━━ DATA SHOWN

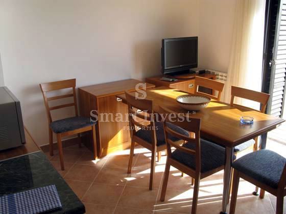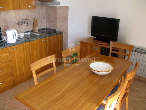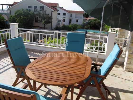 U prizemlju je komforan stan sa kuhinjom, blagovaonicom, dnevnim boravkom, dvije spavaće sobe sa kupaonicama i velikom vanjskom terasom.
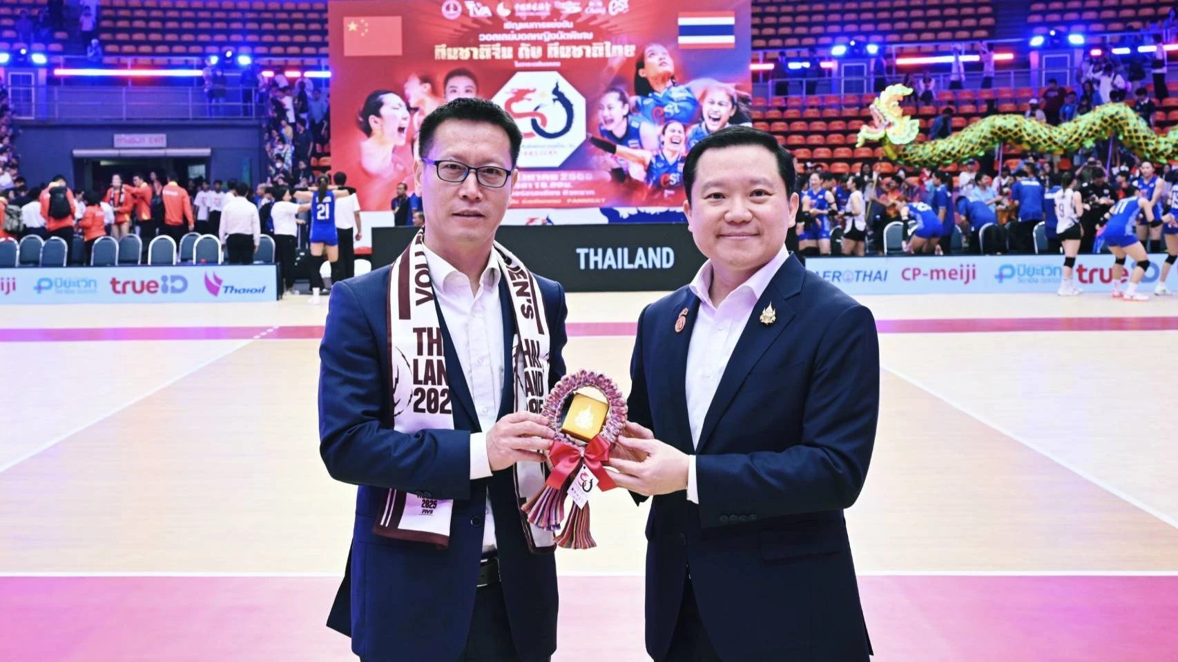 ฐาปน สิริวัฒนภักดี พร้อมคณะผู้บริหารเข้าร่วม “การแข่งขันวอลเลย์บอลหญิงนัดพิเศษ ระหว่าง ทีมสาธารณรัฐประชาชนจีน พบ ทีมชาติไทย
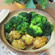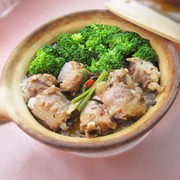 泰国香米、排骨、西兰花、地瓜、红辣椒、蒜头、豆豉、葱、蠔油、沙茶酱、生抽、油、味精。
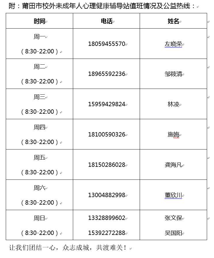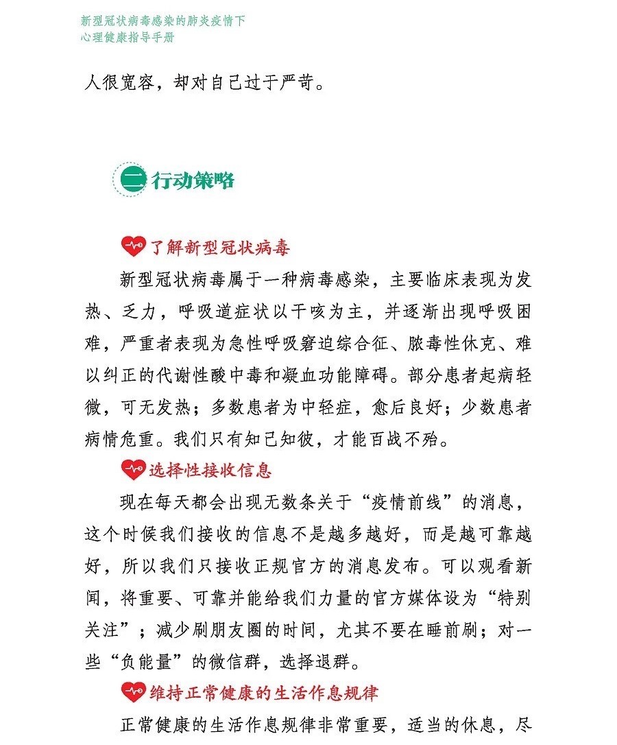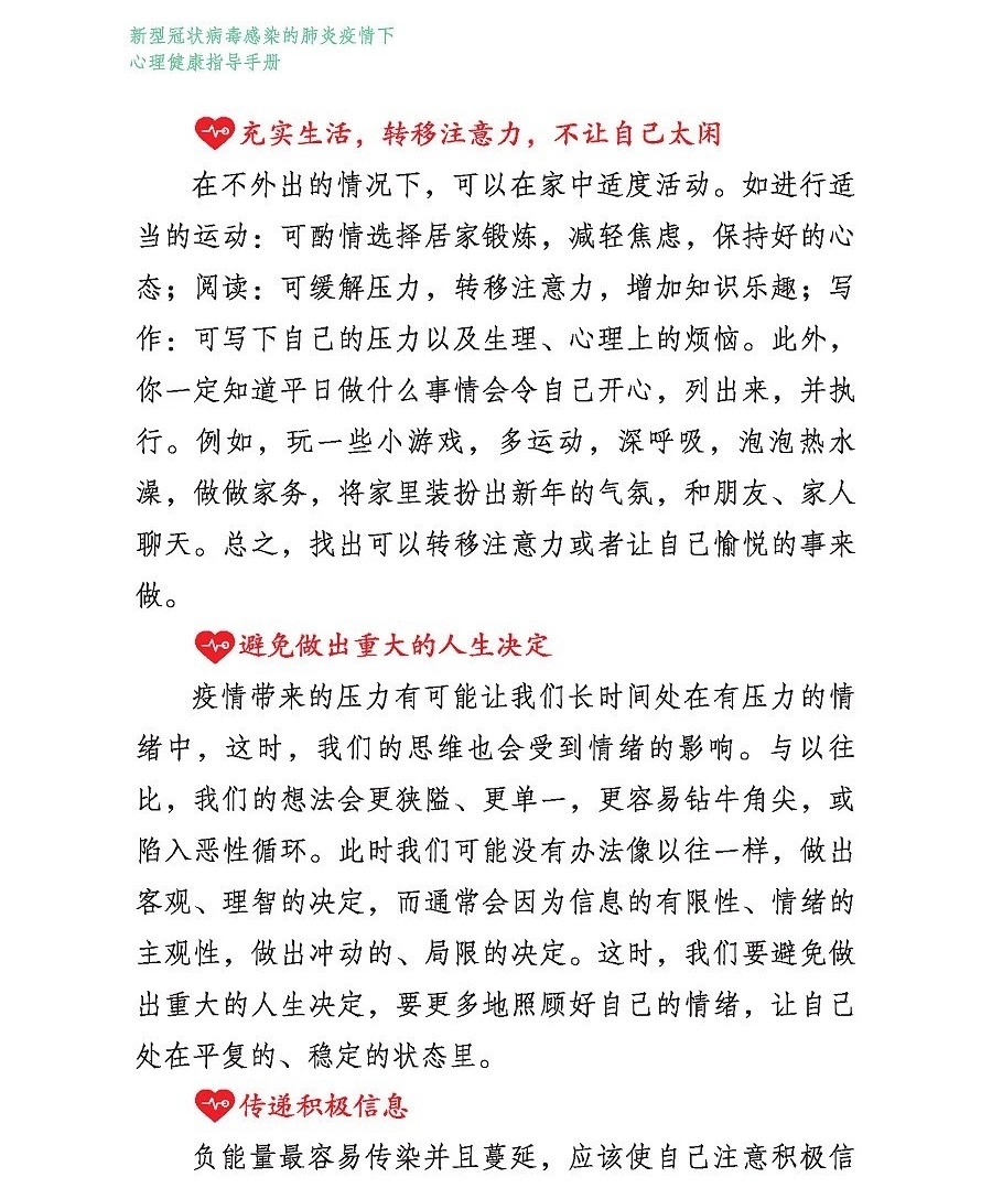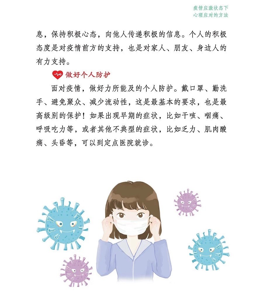 2020-02-02仙游县华侨中学 仙游县华侨中学应对新型冠状病毒师生居家心理防护自助指南 ![]() 亲爱的家长、老师、同学们: 新年好!给大家拜个晚年! 当前,面对突如其来的新型冠状病毒感染的肺炎疫情冲击,每个人不可避免的产生担忧、害怕、焦虑、恐慌等应激反应。来势汹汹的新型冠状病毒肺炎疫情,不仅是对我们生理卫生防疫能力的一种考验,同样也是对我们每一个人心理健康的挑战。为了科学有效地做好疫情防控期间师生在家的心理关护,校心理健康教育中心特提供以下心理防护自助指导手册,希望帮助老师和同学们在家进行心理支持与防护。 一、面对疫情,为什么需要重视心理防护? 良好的心态可以改善人的气血循环,而焦虑紧张、恐惧担忧的心态会让我们机体局部气血不畅,反而会使得疾病加重。无论得病与否,保持良好的心态都极其重要。 因此,我们既需要重视新型冠状病毒疫情的严峻性,在行为上严肃对待,做好自我防护,同时也要主动调适自己的心态,提升自己的免疫力,让阳光心态来为自己保驾护航。 二、疫情期间可能会产生的身心反应 面临正在肆虐的肺炎疫情,我们因害怕可能会出现以下一些心理反应: 1. 认知偏差 面对朋友圈、微信群、微博、短视频软件里围绕疫情纷繁复杂、真真假假的消息,变得过度关注负面信息,轻信谣言,担心疫情难以控制,物资短缺等等。 2.情绪失衡 (1)疑病恐惧:特别关注自己的身体,并将所有身体的不舒服与疫情联系起来,总是怀疑自己得病了。 (2)焦虑:对疫情以及自己的现状失去控制感而感到焦虑,具体表现为:担心肺炎发生在自己及家人身上;看到疫情相关信息感到发生在自己身上;对疫情爆发区的人和物过度警觉,并不愿接触等。 (3)抑郁:对未来悲观失望,情绪持续低落,无意义感增强。 (4)易怒、易激惹:在焦虑和恐慌中对错误的容忍度变低,对疫情处置及通报、疫区人员进行各种批评指责,甚至对身边人感到生气愤怒。 3.行为问题 (1)反复洗手,反复测量体温,反复去查看疫情相关信息,部分人可能出现强迫性思维,想象自己和家人患病。 (2)逃避、回避一些场景和信息。 4. 躯体不适 (1)食欲下降。 (2)头痛,胸痛,胸闷,手足无措,坐立不安。 (3)睡眠差,入睡困难、睡眠浅、早醒、多梦且多恶梦。 三、积极应用心理调节策略,保持稳定良好心态 我们在面对重大突发事件时,产生以上的反应是非常正常的现象,不必过度焦虑,但如果上述问题已经持续一段时间,且问题较为严重并影响到了你的生活,它也许在提示你,你需要关注自己的情绪状态并采取一些措施了,我们不妨可以试试这样调适自己: ![]() ![]() ![]() ![]() ![]() ![]() ![]() ![]() ![]() ![]() ![]() ![]() ![]() 四、停课不停学,学习不掉线 最最重要的是,停课不停学,停课不停教。我校研究制订了“停课不停学”的各个年段延迟开学工作安排表,通过爱学堂等学习平台和家长监督,家校积极配合,指导学生在家的学习和生活,真正实现停课不停学。老师们加入班级微信群,推送电子教材,布置学习任务,按照时间安排表,为学生在线答疑。 五、必要时寻求专业的心理支持与疏导 当然,每个人的状态和适合的应对方式各有不同,如果这些方式不太适合你,没关系,最后我们也列出我校心理健康辅导站咨询热线和我市校外未成年人心理健康辅导站在疫情期间专门开通的心理辅导公益热线和联系方式,希望能帮助你和家人平稳、健康地渡过这一次疫情带来的不一样的春节! 仙游侨中心理支持热线: 李老师:15260990022 郑老师:13799690605 郑老师:13599867399 曾老师:15880345762 线上咨询QQ:604182499 服务时间:每天8:00—22:00 服务对象:广大师生及家长 ![]() |

━━━━

• [REQUIREMENT]
Reprint the data verbatim, pictures excluded.

• [ANSWER SECTION]
 U prizemlju je komforan stan sa kuhinjom, blagovaonicom, dnevnim boravkom, dvije spavaće sobe sa kupaonicama i velikom vanjskom terasom.
 ฐาปน สิริวัฒนภักดี พร้อมคณะผู้บริหารเข้าร่วม “การแข่งขันวอลเลย์บอลหญิงนัดพิเศษ ระหว่าง ทีมสาธารณรัฐประชาชนจีน พบ ทีมชาติไทย
 泰国香米、排骨、西兰花、地瓜、红辣椒、蒜头、豆豉、葱、蠔油、沙茶酱、生抽、油、味精。
 2020-02-02仙游县华侨中学 仙游县华侨中学应对新型冠状病毒师生居家心理防护自助指南 ![]() 亲爱的家长、老师、同学们: 新年好!给大家拜个晚年! 当前,面对突如其来的新型冠状病毒感染的肺炎疫情冲击,每个人不可避免的产生担忧、害怕、焦虑、恐慌等应激反应。来势汹汹的新型冠状病毒肺炎疫情,不仅是对我们生理卫生防疫能力的一种考验,同样也是对我们每一个人心理健康的挑战。为了科学有效地做好疫情防控期间师生在家的心理关护,校心理健康教育中心特提供以下心理防护自助指导手册,希望帮助老师和同学们在家进行心理支持与防护。 一、面对疫情,为什么需要重视心理防护? 良好的心态可以改善人的气血循环,而焦虑紧张、恐惧担忧的心态会让我们机体局部气血不畅,反而会使得疾病加重。无论得病与否,保持良好的心态都极其重要。 因此,我们既需要重视新型冠状病毒疫情的严峻性,在行为上严肃对待,做好自我防护,同时也要主动调适自己的心态,提升自己的免疫力,让阳光心态来为自己保驾护航。 二、疫情期间可能会产生的身心反应 面临正在肆虐的肺炎疫情,我们因害怕可能会出现以下一些心理反应: 1. 认知偏差 面对朋友圈、微信群、微博、短视频软件里围绕疫情纷繁复杂、真真假假的消息,变得过度关注负面信息,轻信谣言,担心疫情难以控制,物资短缺等等。 2.情绪失衡 (1)疑病恐惧:特别关注自己的身体,并将所有身体的不舒服与疫情联系起来,总是怀疑自己得病了。 (2)焦虑:对疫情以及自己的现状失去控制感而感到焦虑,具体表现为:担心肺炎发生在自己及家人身上;看到疫情相关信息感到发生在自己身上;对疫情爆发区的人和物过度警觉,并不愿接触等。 (3)抑郁:对未来悲观失望,情绪持续低落,无意义感增强。 (4)易怒、易激惹:在焦虑和恐慌中对错误的容忍度变低,对疫情处置及通报、疫区人员进行各种批评指责,甚至对身边人感到生气愤怒。 3.行为问题 (1)反复洗手,反复测量体温,反复去查看疫情相关信息,部分人可能出现强迫性思维,想象自己和家人患病。 (2)逃避、回避一些场景和信息。 4. 躯体不适 (1)食欲下降。 (2)头痛,胸痛,胸闷,手足无措,坐立不安。 (3)睡眠差,入睡困难、睡眠浅、早醒、多梦且多恶梦。 三、积极应用心理调节策略,保持稳定良好心态 我们在面对重大突发事件时,产生以上的反应是非常正常的现象,不必过度焦虑,但如果上述问题已经持续一段时间,且问题较为严重并影响到了你的生活,它也许在提示你,你需要关注自己的情绪状态并采取一些措施了,我们不妨可以试试这样调适自己: ![]() ![]() ![]() ![]() ![]() ![]() ![]() ![]() ![]() ![]() ![]() ![]() ![]() 四、停课不停学,学习不掉线 最最重要的是,停课不停学,停课不停教。我校研究制订了“停课不停学”的各个年段延迟开学工作安排表,通过爱学堂等学习平台和家长监督,家校积极配合,指导学生在家的学习和生活,真正实现停课不停学。老师们加入班级微信群,推送电子教材,布置学习任务,按照时间安排表,为学生在线答疑。 五、必要时寻求专业的心理支持与疏导 当然,每个人的状态和适合的应对方式各有不同,如果这些方式不太适合你,没关系,最后我们也列出我校心理健康辅导站咨询热线和我市校外未成年人心理健康辅导站在疫情期间专门开通的心理辅导公益热线和联系方式,希望能帮助你和家人平稳、健康地渡过这一次疫情带来的不一样的春节! 仙游侨中心理支持热线: 李老师:15260990022 郑老师:13799690605 郑老师:13599867399 曾老师:15880345762 线上咨询QQ:604182499 服务时间:每天8:00—22:00 服务对象:广大师生及家长 ![]() |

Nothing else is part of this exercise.